Action item: One part of the entries below is wanted: the lines from the one containing "かんざし バチ型 パール 鶴 蒔絵風 シンプル 留袖 扇型" through the one containing "Dazzle in elegance". Write those out exactly and nothing else.

Data to examine:
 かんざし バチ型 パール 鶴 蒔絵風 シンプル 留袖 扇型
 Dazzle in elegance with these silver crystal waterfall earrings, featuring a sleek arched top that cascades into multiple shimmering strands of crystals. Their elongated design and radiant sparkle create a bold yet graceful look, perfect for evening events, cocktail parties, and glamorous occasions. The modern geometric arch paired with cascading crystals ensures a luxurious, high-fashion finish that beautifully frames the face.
==
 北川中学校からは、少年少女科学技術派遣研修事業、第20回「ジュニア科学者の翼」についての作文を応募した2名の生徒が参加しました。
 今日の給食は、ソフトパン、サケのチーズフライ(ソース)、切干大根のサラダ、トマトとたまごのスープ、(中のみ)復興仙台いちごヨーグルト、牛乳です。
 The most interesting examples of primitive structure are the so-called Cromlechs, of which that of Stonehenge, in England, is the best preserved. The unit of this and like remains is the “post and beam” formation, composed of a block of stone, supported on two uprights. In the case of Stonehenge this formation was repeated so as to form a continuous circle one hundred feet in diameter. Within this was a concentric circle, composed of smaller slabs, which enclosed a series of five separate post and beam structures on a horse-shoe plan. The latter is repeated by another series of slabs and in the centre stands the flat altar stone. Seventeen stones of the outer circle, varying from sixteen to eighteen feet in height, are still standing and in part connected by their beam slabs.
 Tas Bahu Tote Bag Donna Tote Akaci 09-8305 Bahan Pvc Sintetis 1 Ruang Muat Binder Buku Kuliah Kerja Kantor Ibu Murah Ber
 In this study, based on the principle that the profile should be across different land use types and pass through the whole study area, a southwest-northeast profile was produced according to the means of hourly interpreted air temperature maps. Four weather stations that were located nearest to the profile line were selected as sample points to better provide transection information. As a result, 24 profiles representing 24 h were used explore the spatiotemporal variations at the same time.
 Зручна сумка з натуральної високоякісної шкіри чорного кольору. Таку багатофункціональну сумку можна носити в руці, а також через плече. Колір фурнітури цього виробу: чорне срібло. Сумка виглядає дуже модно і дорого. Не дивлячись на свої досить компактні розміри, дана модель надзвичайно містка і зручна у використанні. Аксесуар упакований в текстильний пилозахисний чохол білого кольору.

Response box:
 かんざし バチ型 パール 鶴 蒔絵風 シンプル 留袖 扇型
 Dazzle in elegance with these silver crystal waterfall earrings, featuring a sleek arched top that cascades into multiple shimmering strands of crystals. Their elongated design and radiant sparkle create a bold yet graceful look, perfect for evening events, cocktail parties, and glamorous occasions. The modern geometric arch paired with cascading crystals ensures a luxurious, high-fashion finish that beautifully frames the face.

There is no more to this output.